Я доделал зарядку, отжавшись от пола, допрыгав и наподдав груше по первое число. Залез в холодильник. Свиные отбивные, которые я готовил вчера, были уничтожены острыми безжалостными зубками Киры.
Хорошо, что бриться не надо — это экономит массу энергии. Я ненавижу процедуру утреннего бритья. Она меня раздражает. Год назад начал отпускать бороду, и теперь походил на покорителя земли Сибирской Ермака. Хотя коллеги говорили, что больше на разбойника с большой дороги, в лучшем случае на Стеньку Разина — здоровый, бородатый и страшен в гневе.

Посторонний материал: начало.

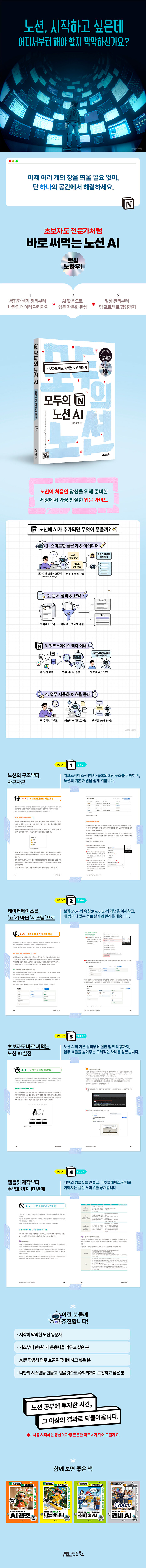 ÀÌ Ã¥Àº ³ë¼ÇÀ» óÀ½ Á¢ÇÏ´Â ÀÔ¹®ÀÚ¸¦ À§ÇÑ °¡Àå Ä£ÀýÇÑ ¾È³»¼ÀÔ´Ï´Ù. ¸Þ¸ð¿Í ÀÏÁ¤, µ¥ÀÌÅͺ£À̽º±îÁö ÇÑ ¹ø¿¡ °ü¸®ÇÒ ¼ö ÀÖ´Â ¿ÃÀοø µµ±¸ ³ë¼ÇÀ» ½±°í Àç¹ÌÀÖ°Ô Ç®¾î³Â½À´Ï´Ù. ±âº» ±¸Á¶ºÎÅÍ µ¥ÀÌÅͺ£À̽º Ȱ¿ë, AI ±â´É±îÁö ´Ü°èº°·Î µû¶ó°¡´Ù º¸¸é ÀÚ¿¬½º·´°Ô ±× ±â´ÉÀ» ÀÍÈú ¼ö ÀÖ½À´Ï´Ù. ¶ÇÇÑ ½ÇÁ¦ ¾÷¹«¿Í »ýȰ ¼Ó¿¡¼ ¹Ù·Î Àû¿ë °¡´ÉÇÑ ¿¹½Ã¿Í ½Ã³ª¸®¿À¸¦ dzºÎÇÏ°Ô ´ã¾ÒÀ¸¸ç, ³ë¼Ç AIÀÇ ÅØ½ºÆ® »ý¼ººÎÅÍ ¹®¼ ÀÚµ¿È, ¸ÂÃãÇü º¸°í¼ Ȱ¿ë¹ý±îÁö ½ÇÀü Áß½ÉÀ¸·Î ¼³¸íÇÕ´Ï´Ù.

Я не слишком увлекаюсь кулинарным искусством. Но когда решаюсь на готовку, чтобы посидеть в одиночестве с антрекотиком на тарелке, с маринованным огурчиком, взять серебряную вилку и нож, налить немножко вина в хрустальный бокал, как тут же, будто почуяв, заявляется Кира и изничтожает все. У меня ощущение, что у нее дома вечно пустой холодильник, что ее предки были голодающими Поволжья и, когда она перешагивает порог моей квартиры, генетическая память вскипает в ней. Кстати, на ее фигуре это совершенно не сказывается. Сама худенькая, изящная и всегда голодная.
Кроме засохшего сыра и хлеба, в холодильнике не осталось больше ничего. Я сделал два бутерброда, запил их растворимым кофе и отправился на службу.
Новенький зеленый «жигуль» девятой модели, который за мной закрепили месяц назад на автобазе родного ГУВД, ждал меня перед подъездом. Мы с моим железным Росинантом продрались через железный поток. Постояли в пробках. Нагло подрезали нос шестисотому «мерсу», сворачивая на Садовое кольцо. С кольца на Петровку я выруливал, подвывая сиреной. Перед воротами в ГУВД, где раньше было невозможно поставить машину, сегодня пусто. Начальство повелело очистить пространство, дабы не портить вид на здание солидного учреждения и не вводить террористов во искушение оставить там начиненную динамитом тачку. Я оставил «жигуль» перед въездом на автобазу в переулочке.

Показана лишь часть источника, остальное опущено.